THEATRE REVIEW: Youngsters bring Mary Shelley’s Frankenstein to life at Liverpool’s Everyman Theatre

MIXING young people with a production of Frankenstein could turn monstrous but this performance has a spark which brings it to life.

There are no pantominesque green-headed monsters but rather stirring performances with certain individuals achieving a maturity well beyond their years.

Sixteen-year-old Harry Machray is absolutely convincing as the much older Victor Frankenstein as he recounts his horrific history to a ship’s captain.

Hunched over with his hands nervously grasping at each other, Machray wonderfully creates Frankenstein’s anxiety while his slow, sad movements around the stage simultaneously convey his calm resignation to the death he knows is coming.

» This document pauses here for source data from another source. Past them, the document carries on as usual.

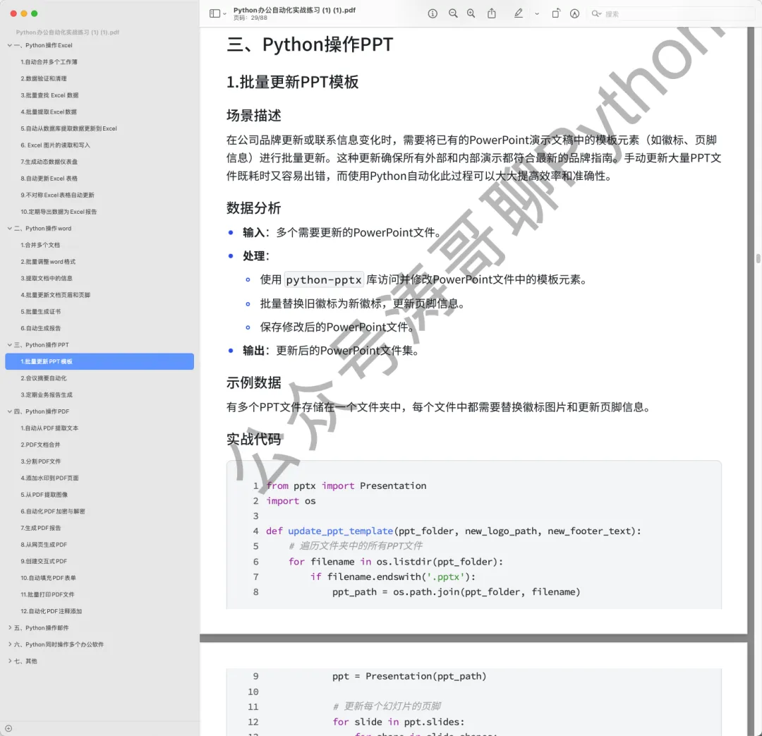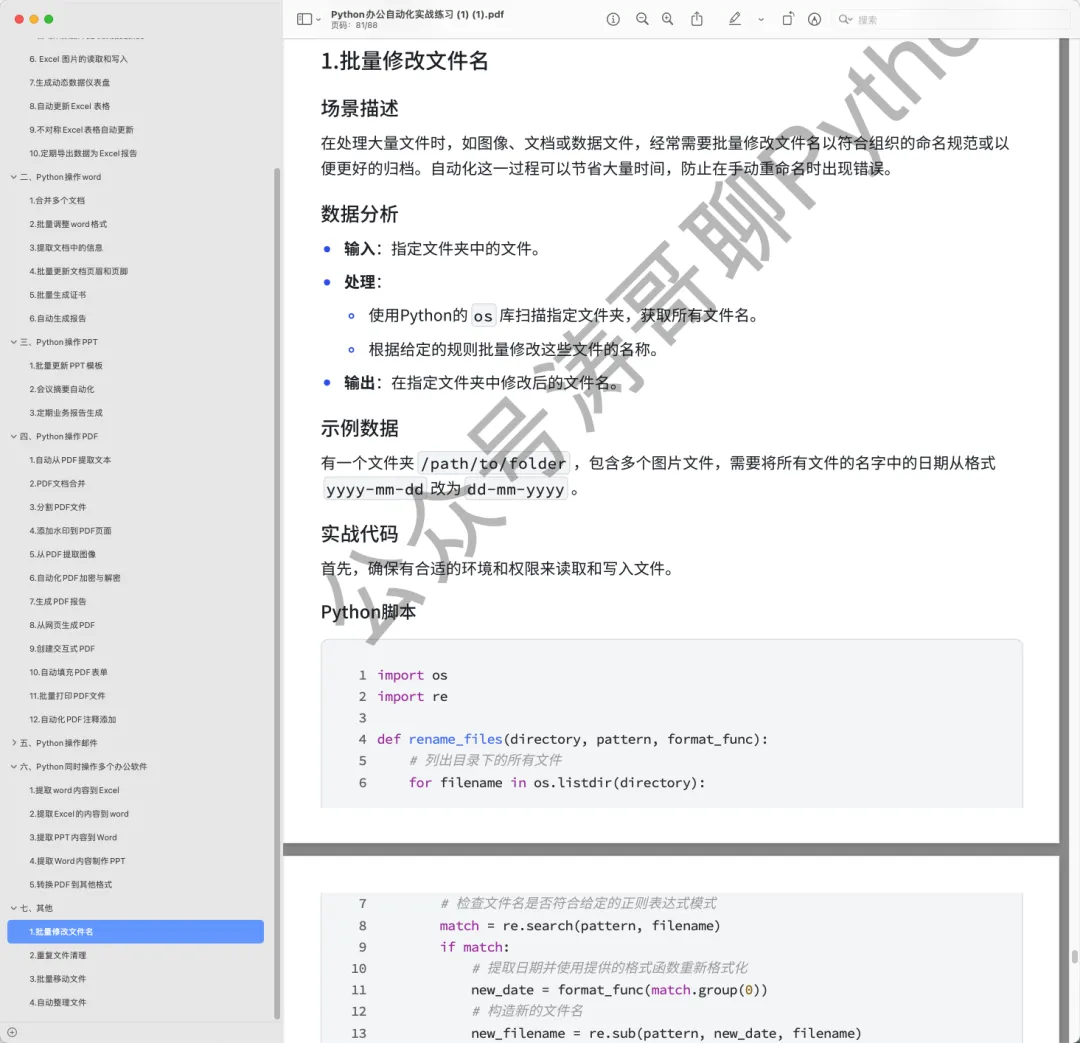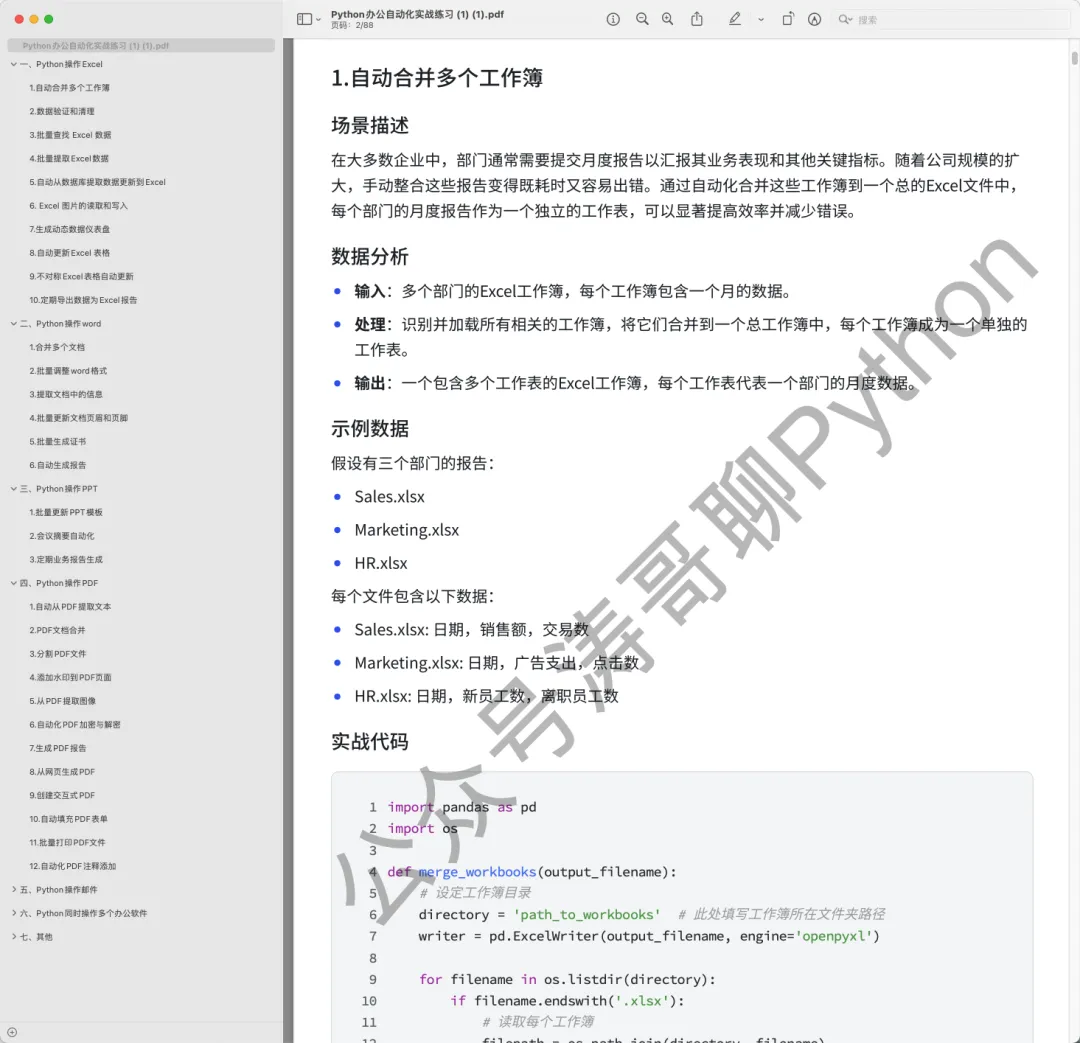 整理的实战项目都是日常工作中,经常遇到的。例如批量合并多个工作簿的内容,添加水印到PDF,批量修改文件名,还有自动化收发邮件、整理邮件。
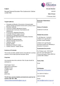 DE Circular 2023-03 - Revised Personal Education Plan Guidance for Children Looked After_0.pdf Volume/Part: 2023/03 - Published Version Available under License Open Government Licence. Download (2MB) | Preview |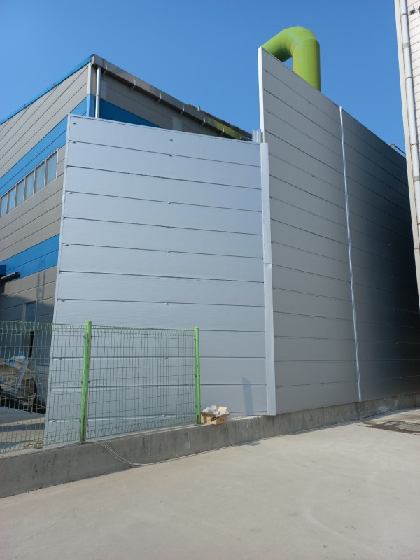 공장 소음때문에 인접 기숙사에 소음피해가 발생하여 방음벽을 설치하여 민원을 해결하였다.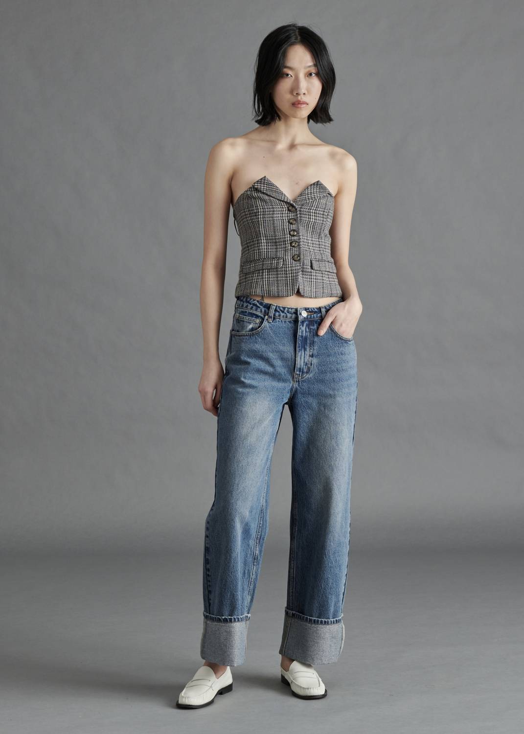 Um punho profundo acrescenta um estilo moderno a jeans resistentes com pernas largas e levemente largas, feitos em uma lavagem desbotada clássica.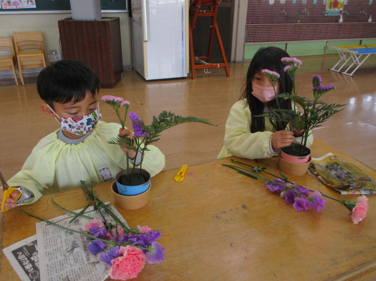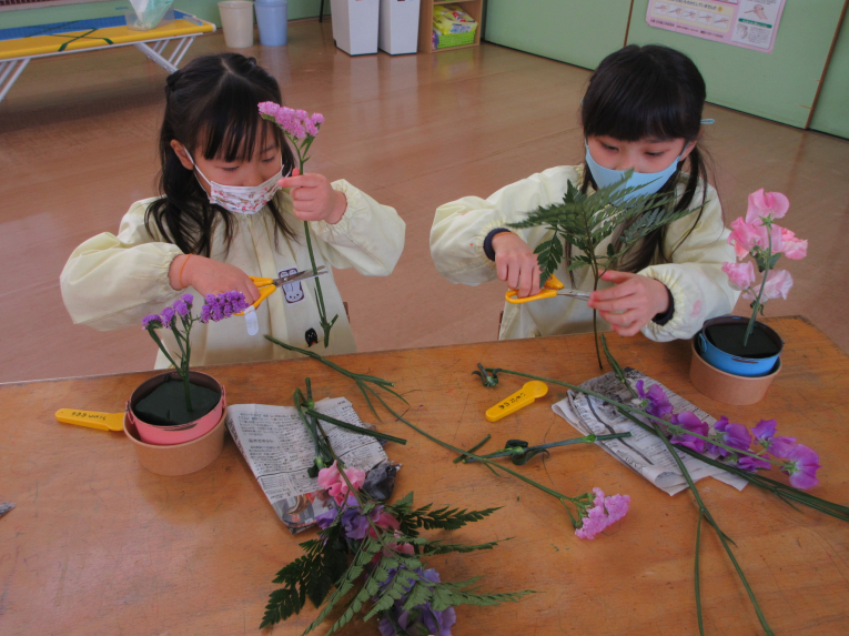ゆき組最後のお楽しみは 園長先生との「アレンジフラワー」

Less subtle however is the audience’s first glimpse of his monster as it is wheeled on a trolley, feet sticking out from the bottom of a white sheet.

As he sits up in the midst of lightning flashes, the performance nears the tackiness it does well to avoid and creates a comedic moment rather than the drama it probably aimed for.

Budding actor John Burns, 19, remedies this in Frankenstein’s death scene.

With tears in his eyes, this burly teen perfectly communicates a vulnerability to Frankenstein’s monster.

Competent performances also came from Robert Walton, Elizabeth and Henry Clerval.